YOUR TASK:
From top to bottom, print the listing word for word and skip any pictures it contains.

INFORMATION PROVIDED:
^^^^^^^^^^^^^^^^
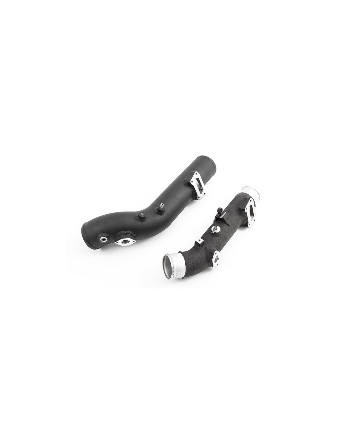Osservando il tubo OE, era chiaro che c'era spazio per miglioramenti, quindi dopo molti test, abbiamo optato per un tubo duro in lega piegata con mandrino di 70 mm di diametro e giunti in silicone. Vengono utilizzati bossoli per macchine CNC billet in lega, in modo che tutti gli accessori originali si adattino perfettamente. Rispetto al tubo OE, i miglioramenti sono evidenti, il diametro del foro di ingresso è stato ora aumentato da 51 mm a 70 mm di diametro esterno.
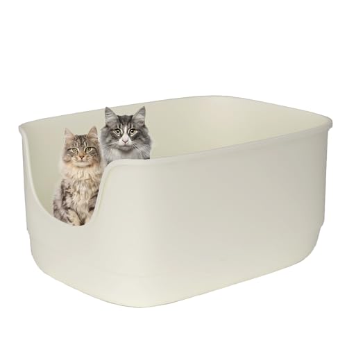 Suhaco High Sided Jumbo Cat Litter Tray Anti Splash Open Top Cat Litter Box 61 x 48 x 31 cm Extra Deep Large Cats Litter Trays for Multi Cats Toilet Low Entry (White)
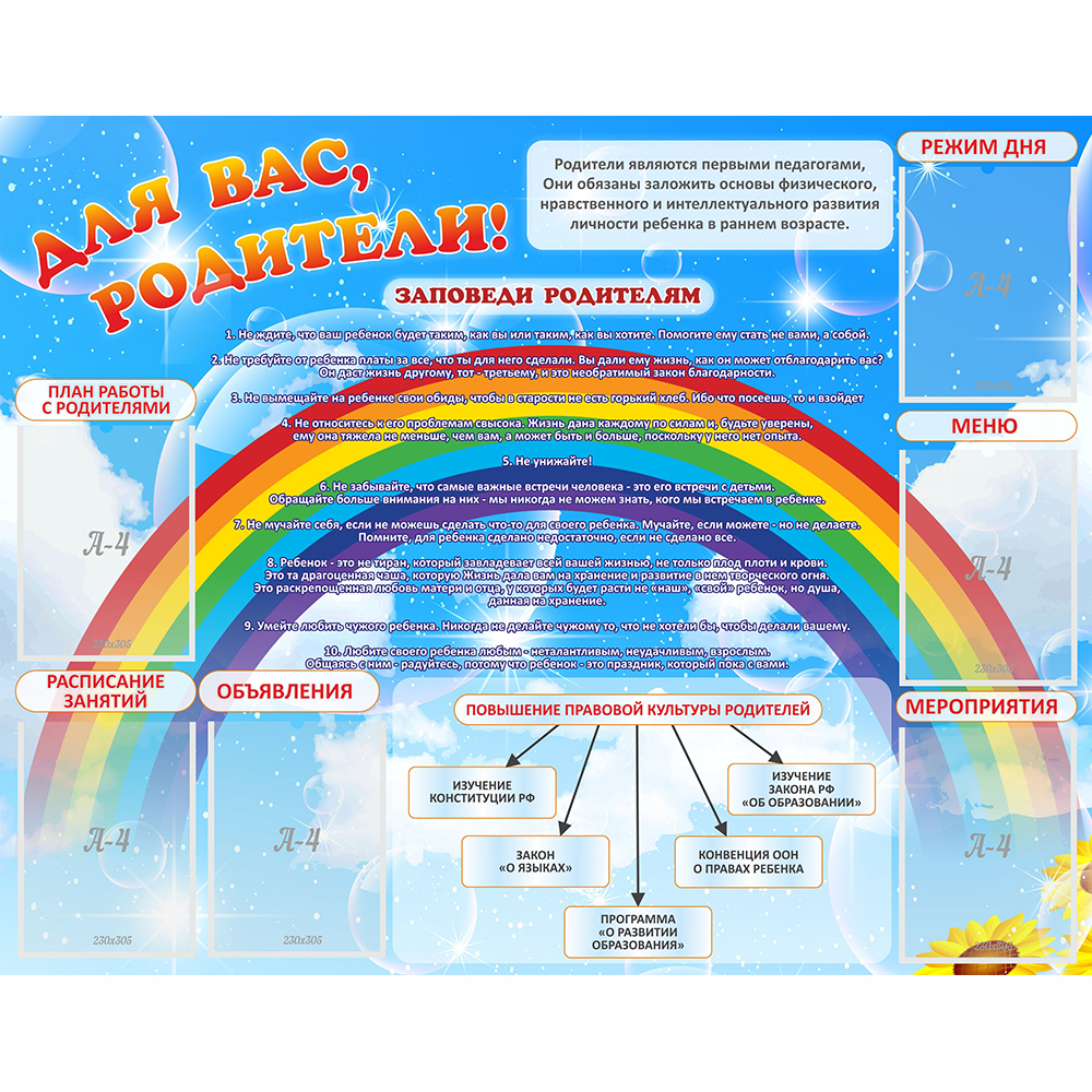Полезная информация, расписание занятий, правила внешнего вида и поведения, все это важно знать каждому родителю, чей ребенок обучается в детском саду. Поэтому важно донести эту информацию интересно, красиво и оригинально. Поможет в этом яркий стенд, специальный, информационный, который сделан максимально практично. На нем можно сразу разместить несколько объявлений, новых правил, в общем, любую информацию, которая будет актуальна для каждого родителя. А привлекательный внешний вид делает стенд более интересным в дизайнерском отношении. Он станет прекрасным украшением вашего детского сада.
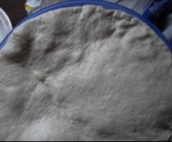 Am nächsten morgen ein Gärkörbchen, oder eine flache Schüssel (bei mir musste der Bräter herhalten) mit einem Tuch auslegen und leicht mit Mehl bestäuben.
^^^^^^^^^^^^^^^^
ANSWER FOR THIS EXERCISE:
Osservando il tubo OE, era chiaro che c'era spazio per miglioramenti, quindi dopo molti test, abbiamo optato per un tubo duro in lega piegata con mandrino di 70 mm di diametro e giunti in silicone. Vengono utilizzati bossoli per macchine CNC billet in lega, in modo che tutti gli accessori originali si adattino perfettamente. Rispetto al tubo OE, i miglioramenti sono evidenti, il diametro del foro di ingresso è stato ora aumentato da 51 mm a 70 mm di diametro esterno.
 Suhaco High Sided Jumbo Cat Litter Tray Anti Splash Open Top Cat Litter Box 61 x 48 x 31 cm Extra Deep Large Cats Litter Trays for Multi Cats Toilet Low Entry (White)
Полезная информация, расписание занятий, правила внешнего вида и поведения, все это важно знать каждому родителю, чей ребенок обучается в детском саду. Поэтому важно донести эту информацию интересно, красиво и оригинально. Поможет в этом яркий стенд, специальный, информационный, который сделан максимально практично. На нем можно сразу разместить несколько объявлений, новых правил, в общем, любую информацию, которая будет актуальна для каждого родителя. А привлекательный внешний вид делает стенд более интересным в дизайнерском отношении. Он станет прекрасным украшением вашего детского сада.
 Am nächsten morgen ein Gärkörbchen, oder eine flache Schüssel (bei mir musste der Bräter herhalten) mit einem Tuch auslegen und leicht mit Mehl bestäuben.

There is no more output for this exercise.